▸ **Problem**
Find the line with "Sprinkle a pinch" in the data below. Repeat it and every line after it exactly, but not the pictures.

▸ **Material provided**
····················

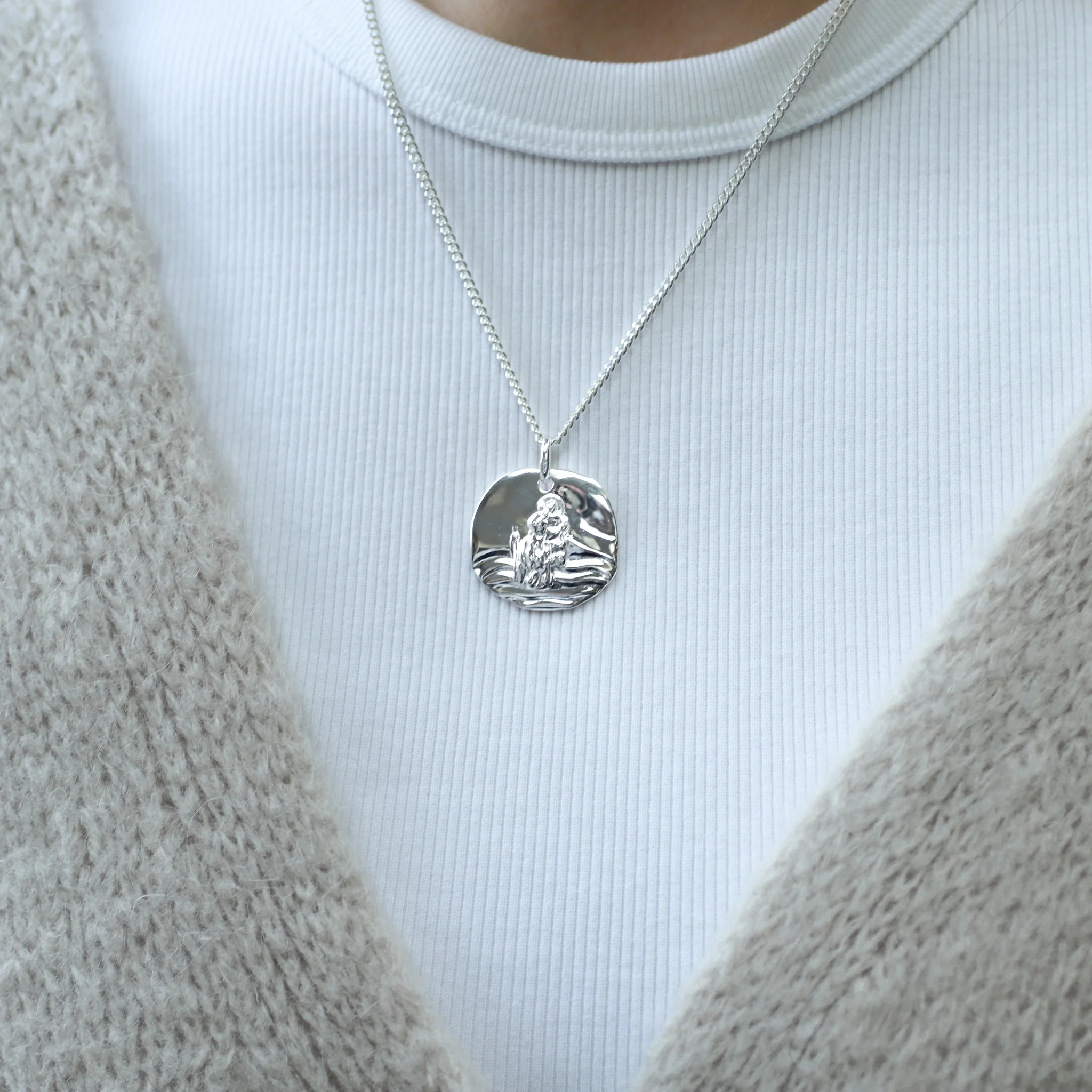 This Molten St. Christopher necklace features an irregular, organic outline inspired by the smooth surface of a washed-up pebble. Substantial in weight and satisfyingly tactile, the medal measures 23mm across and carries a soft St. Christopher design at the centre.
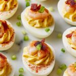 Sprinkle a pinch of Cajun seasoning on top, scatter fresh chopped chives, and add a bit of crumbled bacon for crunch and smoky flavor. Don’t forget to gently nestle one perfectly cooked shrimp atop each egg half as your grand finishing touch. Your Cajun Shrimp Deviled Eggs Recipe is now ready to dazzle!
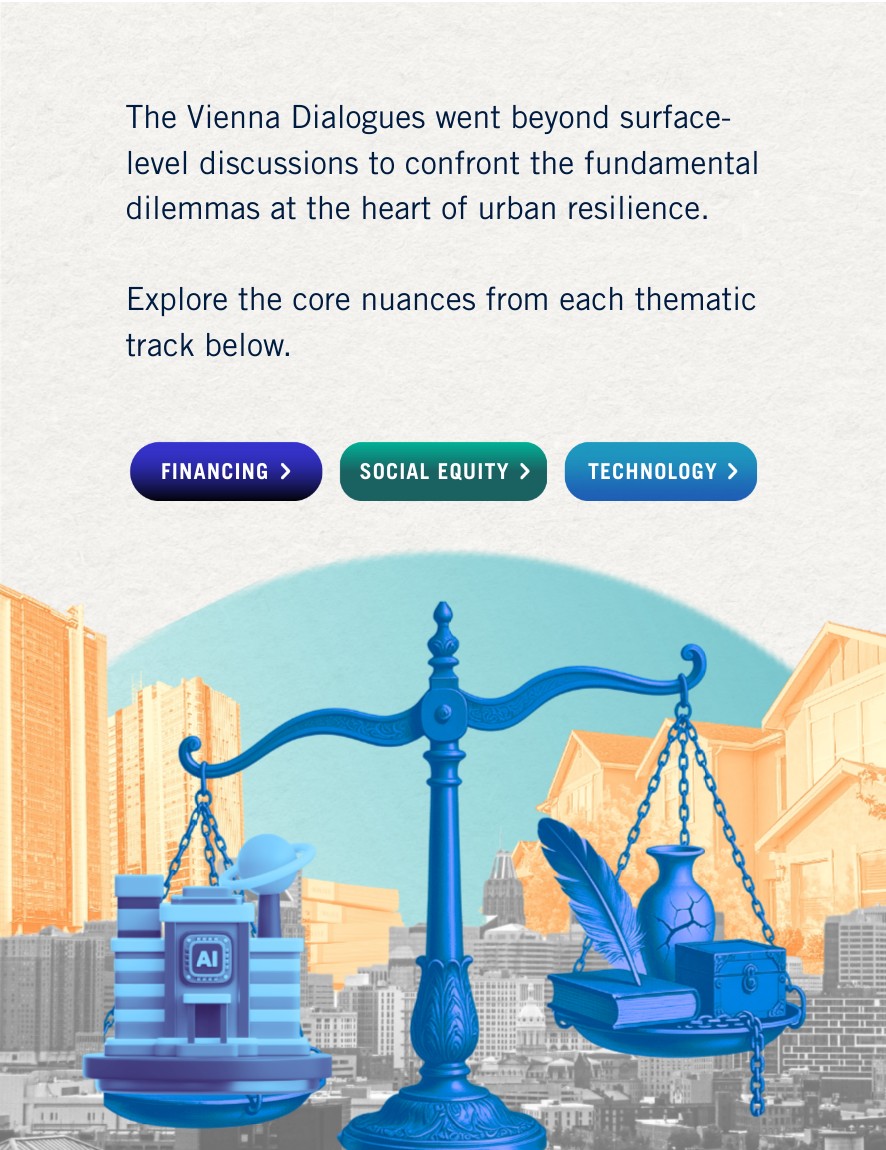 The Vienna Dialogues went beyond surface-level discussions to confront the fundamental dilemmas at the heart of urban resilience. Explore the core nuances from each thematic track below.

····················

▸ **Solution for this task**
 Sprinkle a pinch of Cajun seasoning on top, scatter fresh chopped chives, and add a bit of crumbled bacon for crunch and smoky flavor. Don’t forget to gently nestle one perfectly cooked shrimp atop each egg half as your grand finishing touch. Your Cajun Shrimp Deviled Eggs Recipe is now ready to dazzle!
 The Vienna Dialogues went beyond surface-level discussions to confront the fundamental dilemmas at the heart of urban resilience. Explore the core nuances from each thematic track below.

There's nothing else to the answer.